WHAT IS NEEDED:
The required output is an exact copy of the lines from the one containing "Pendant with a" through the end of the entries below, with pictures removed.

[[ PROVIDED RECORDS, beginning ]]

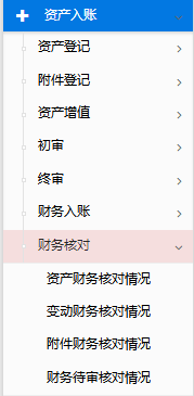 管理员身份进入模块【资产入账】-【财务核对】,包含图28中所示全部子功能,支持进行大批量审核,支持excel导出,等功能 ;
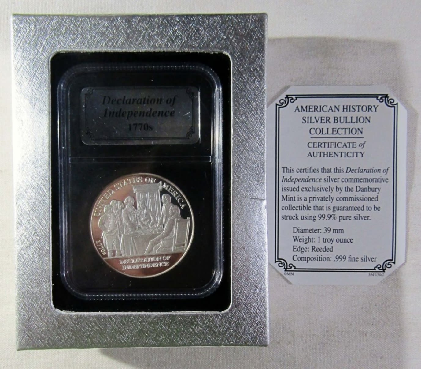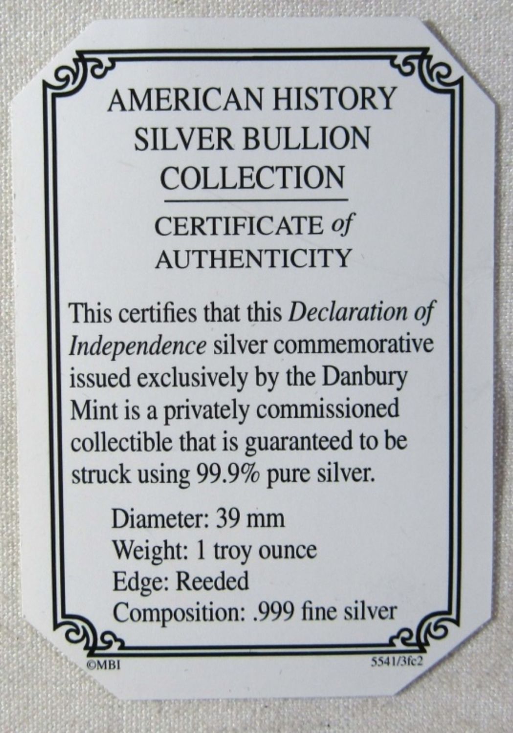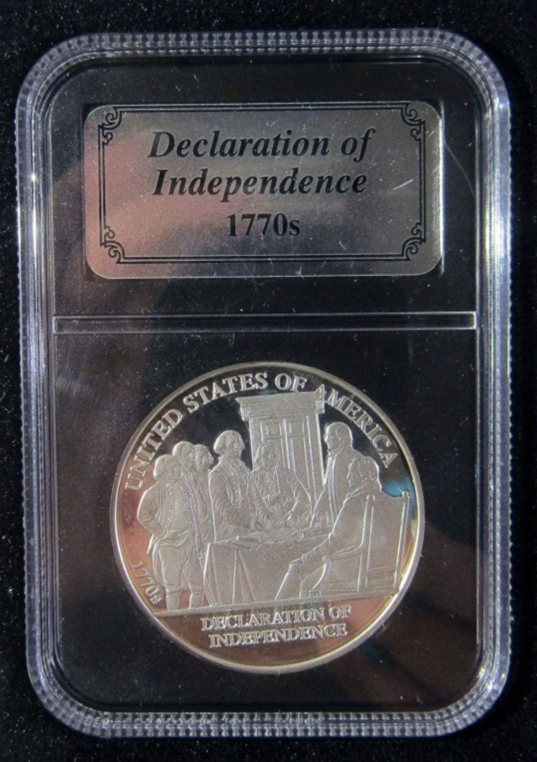 DECLARATION OF INDEPENDENCE COMMEMORATIVE, DANBURY MINT IN SLAB, WITH GIFT BOX & COA
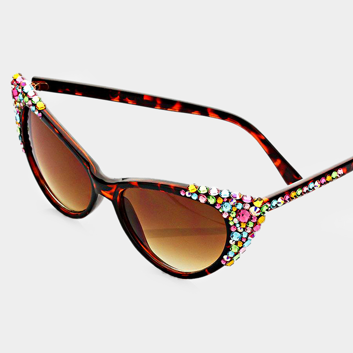 Bubbly Crystal Leopard Cat Eye Sunglasses
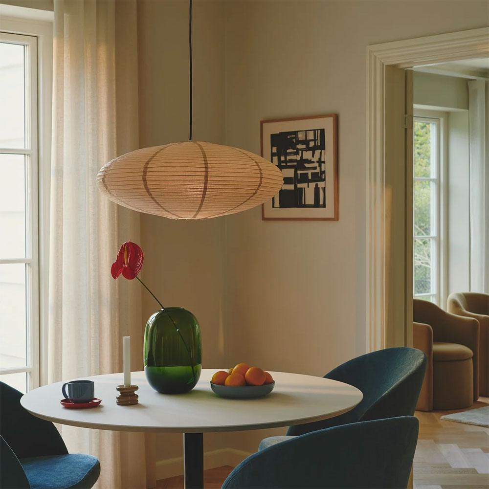 Pendant with a fabric cord that can be attached to the shade of your choice.
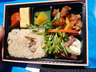 お花見会のお弁当を開いて、(そらまめ)さんのとても美味しそうなお弁当の写真です。
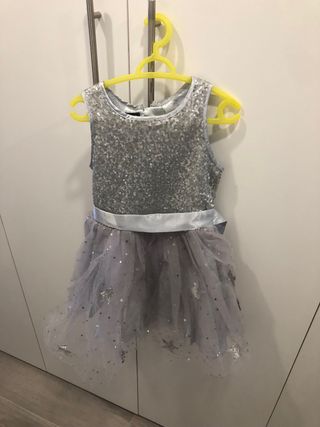 Precioso traje de fiesta con un diseño encantador. - Cuerpo adornado con lentejuelas brillantes. - Falda de tul con estrellas plateadas. - Cinturón de satén.
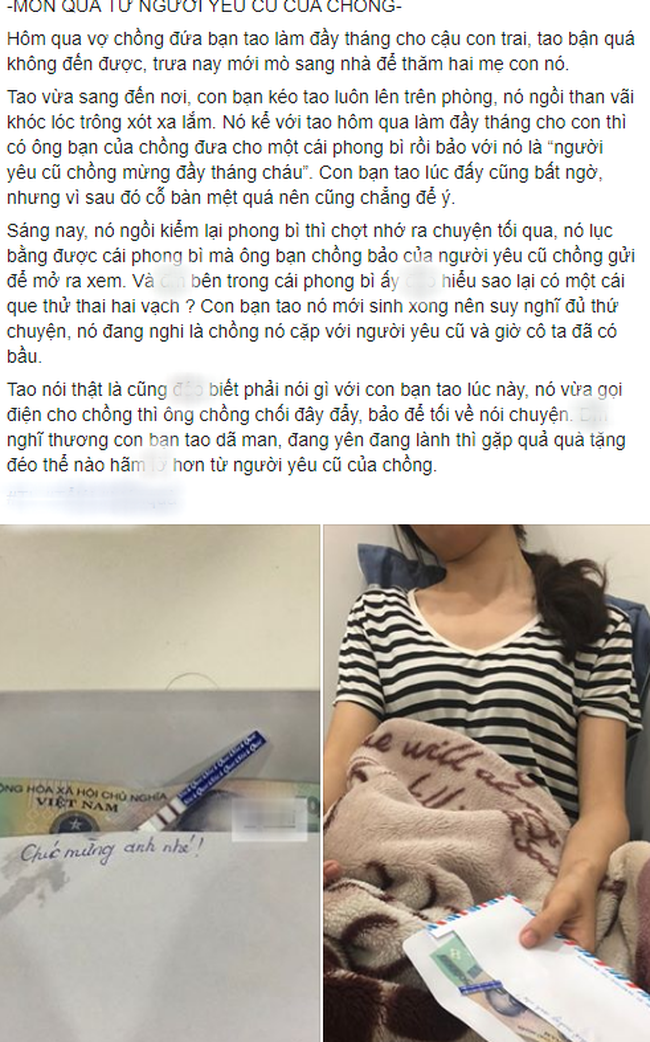 Theo lời kể của bạn thân cô vợ đáng thương này, vào ngày tổ chức tiệc đầy tháng con, có một người bạn của chồng đưa phong bì nói là "người yêu cũ chồng mừng đầy tháng cháu". Tuy nhiên, vì lúc đó quá lu bu khách khứa nên cô vợ không để ý.
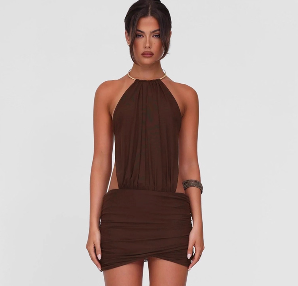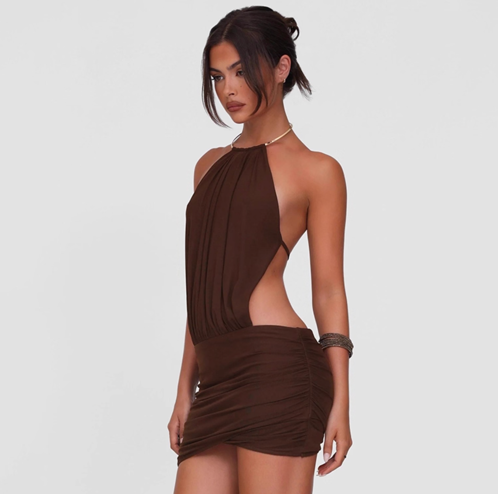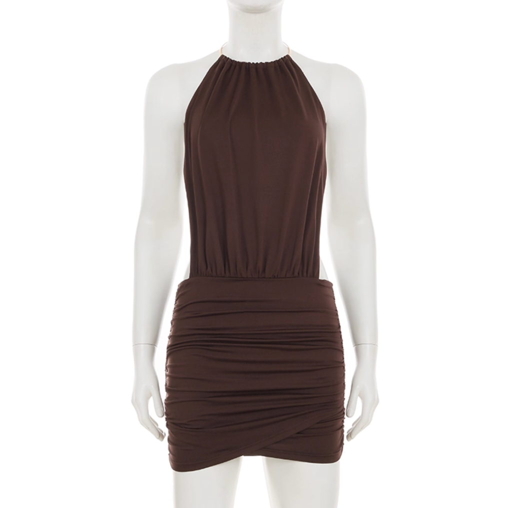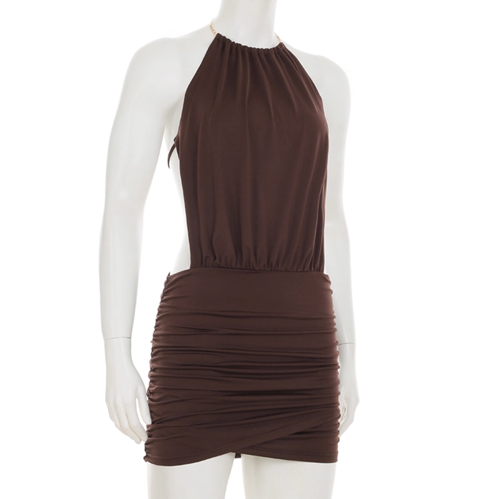 GOLD PLATED WRAP NECK CUT OUT BACK MINI DRESS
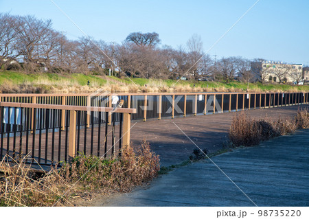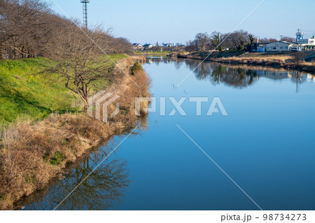 青空 冬景色 びん沼川の風景 さいたま市側からの眺め
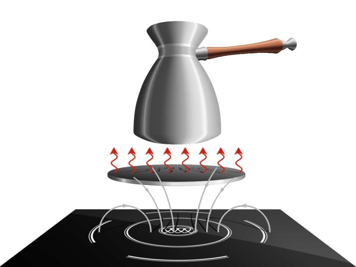 But you can not deny yourself the pleasure of using familiar dishes, including clay and ceramic Turks. Enough to stock up on the adapter of the desired diameter of the ferromagnetic alloy. As a rule, on a four-burner panel it corresponds to a heating field with a diameter of 12-14 cm.
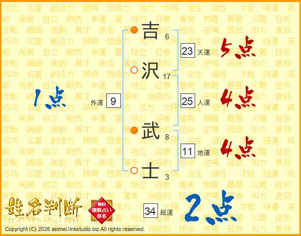 吉沢武士さんの総運は34画の2点!
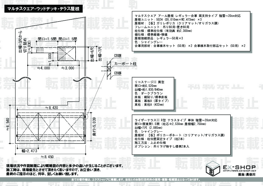 サイズ | 屋根幅 2,750mm 出幅 2,085mm |
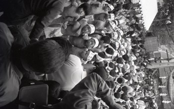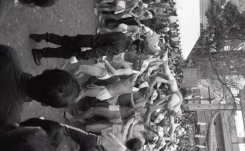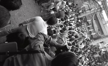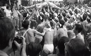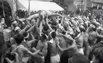 裸祭りクライマックス / はちまき,裸,祭り,神社,ふんどし,建物,鳥居,鞄,帽子,木,胴上げ,カメラ,裸足,人,フィルム,屋台,旗
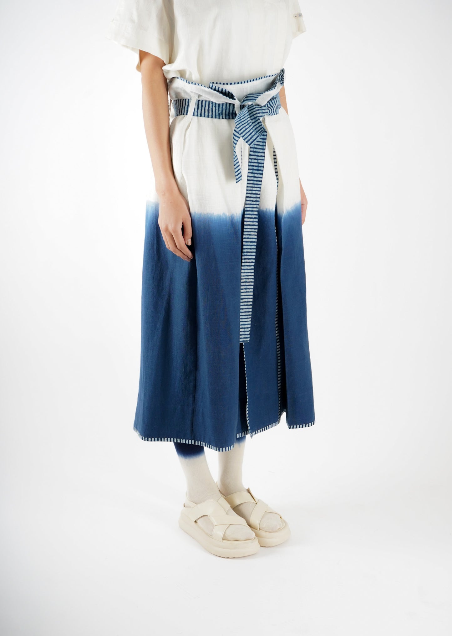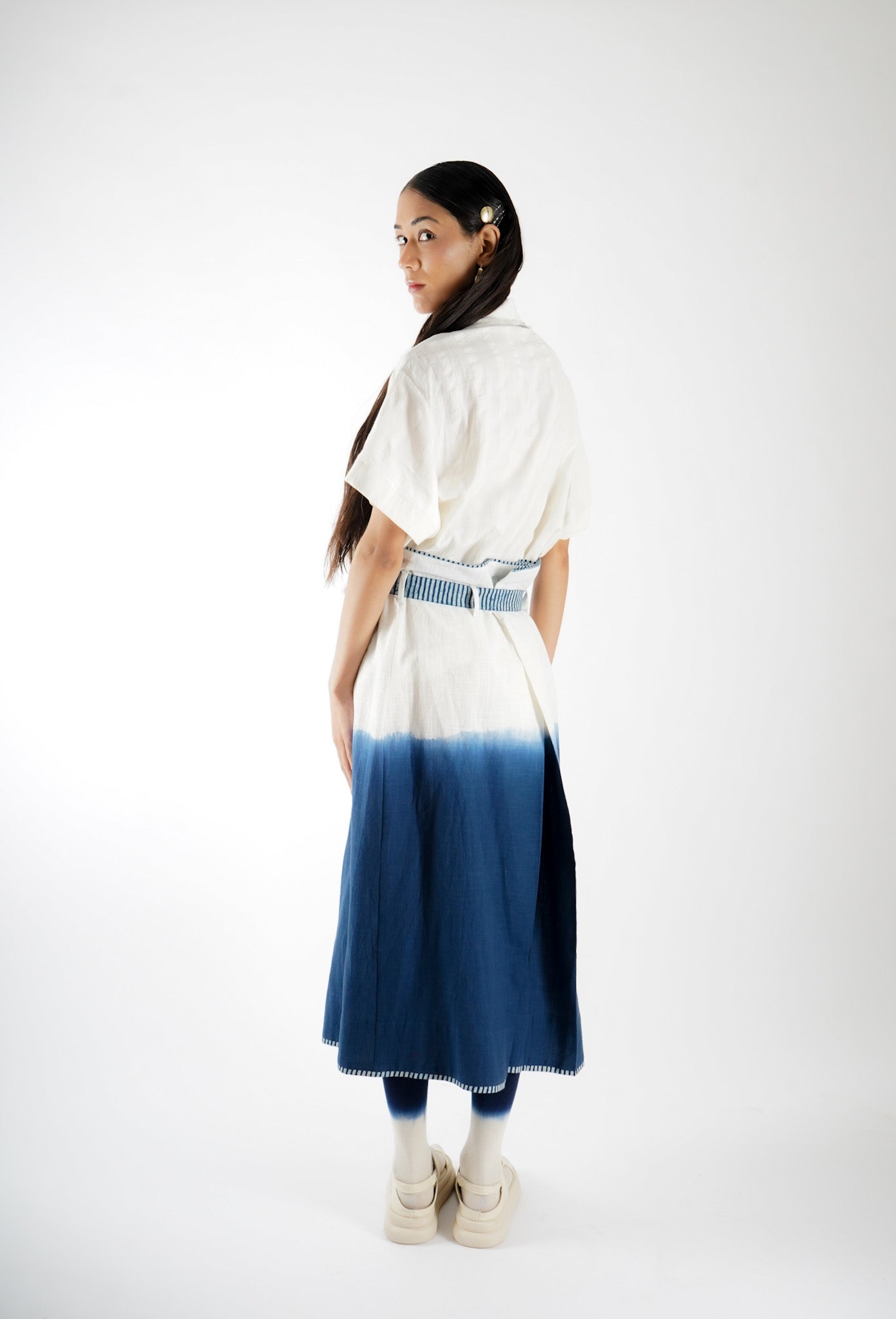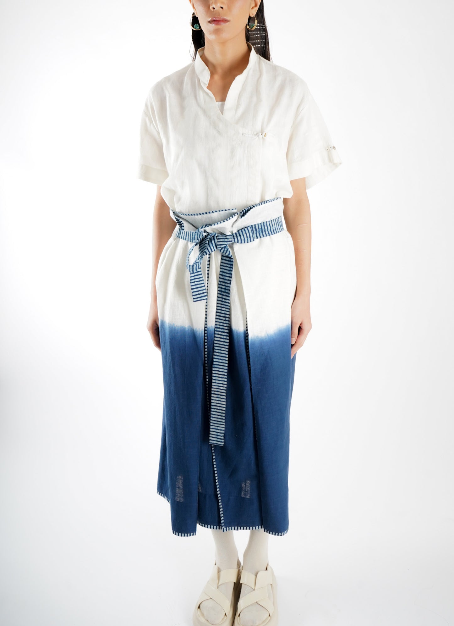 The design of Saldon Summers showcases a beautiful blend of artisanal craftsmanship and contemporary aesthetics. It features Indigo ombre dyeing, creating a smooth gradient effect that adds depth and dimension to the fabric. Complementing this, the outfit is adorned with Ajrakh-striped block print details, a traditional hand-block printing technique known for its intricate geometric and floral patterns. The combination of these elements results in a unique, handcrafted piece that celebrates heritage artistry while maintaining a modern appeal.
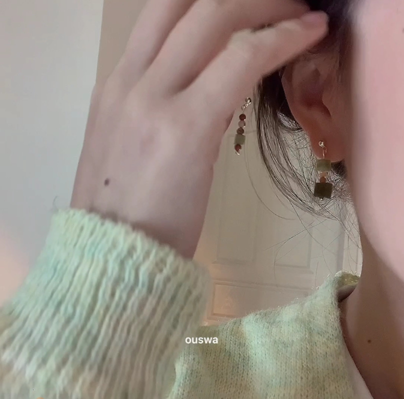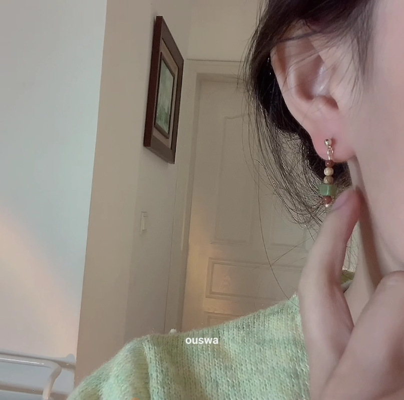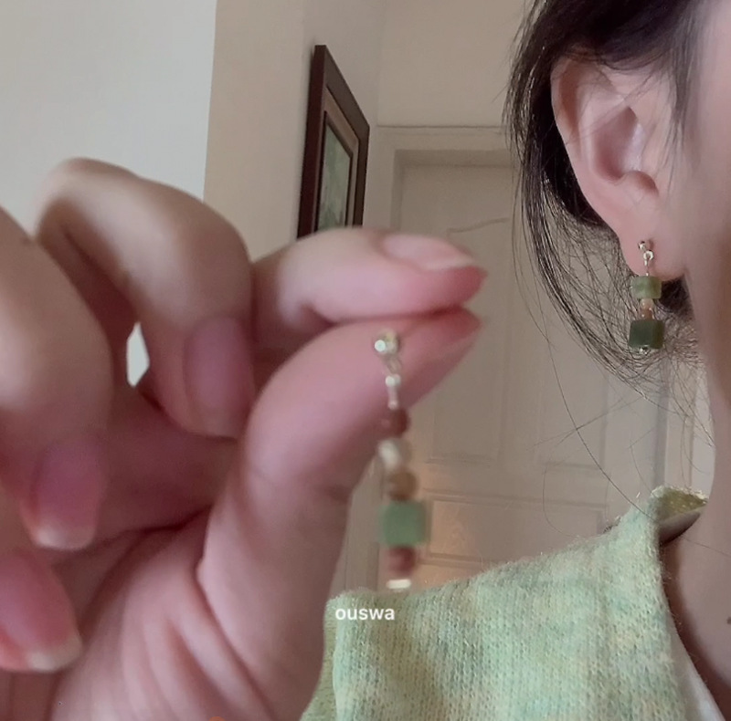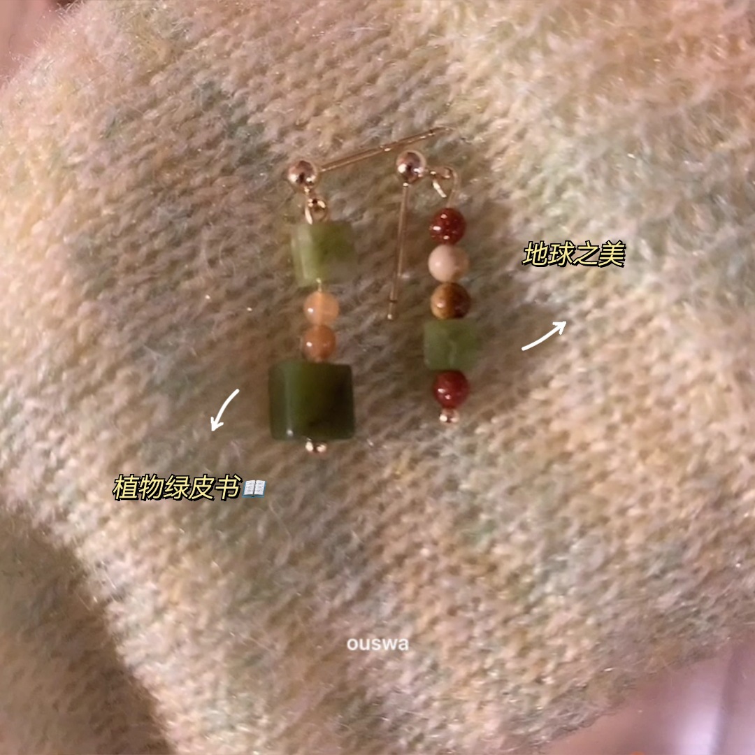 天然原石 手工925银针夹红配绿 古风小众设计高级感玉石小巧耳环

[[ PROVIDED RECORDS, end ]]

REPLY TO THE TASK:
 Pendant with a fabric cord that can be attached to the shade of your choice.
 お花見会のお弁当を開いて、(そらまめ)さんのとても美味しそうなお弁当の写真です。
 Precioso traje de fiesta con un diseño encantador. - Cuerpo adornado con lentejuelas brillantes. - Falda de tul con estrellas plateadas. - Cinturón de satén.
 Theo lời kể của bạn thân cô vợ đáng thương này, vào ngày tổ chức tiệc đầy tháng con, có một người bạn của chồng đưa phong bì nói là "người yêu cũ chồng mừng đầy tháng cháu". Tuy nhiên, vì lúc đó quá lu bu khách khứa nên cô vợ không để ý.
 GOLD PLATED WRAP NECK CUT OUT BACK MINI DRESS
 青空 冬景色 びん沼川の風景 さいたま市側からの眺め
 But you can not deny yourself the pleasure of using familiar dishes, including clay and ceramic Turks. Enough to stock up on the adapter of the desired diameter of the ferromagnetic alloy. As a rule, on a four-burner panel it corresponds to a heating field with a diameter of 12-14 cm.
 吉沢武士さんの総運は34画の2点!
 サイズ | 屋根幅 2,750mm 出幅 2,085mm |
 裸祭りクライマックス / はちまき,裸,祭り,神社,ふんどし,建物,鳥居,鞄,帽子,木,胴上げ,カメラ,裸足,人,フィルム,屋台,旗
 The design of Saldon Summers showcases a beautiful blend of artisanal craftsmanship and contemporary aesthetics. It features Indigo ombre dyeing, creating a smooth gradient effect that adds depth and dimension to the fabric. Complementing this, the outfit is adorned with Ajrakh-striped block print details, a traditional hand-block printing technique known for its intricate geometric and floral patterns. The combination of these elements results in a unique, handcrafted piece that celebrates heritage artistry while maintaining a modern appeal.
 天然原石 手工925银针夹红配绿 古风小众设计高级感玉石小巧耳环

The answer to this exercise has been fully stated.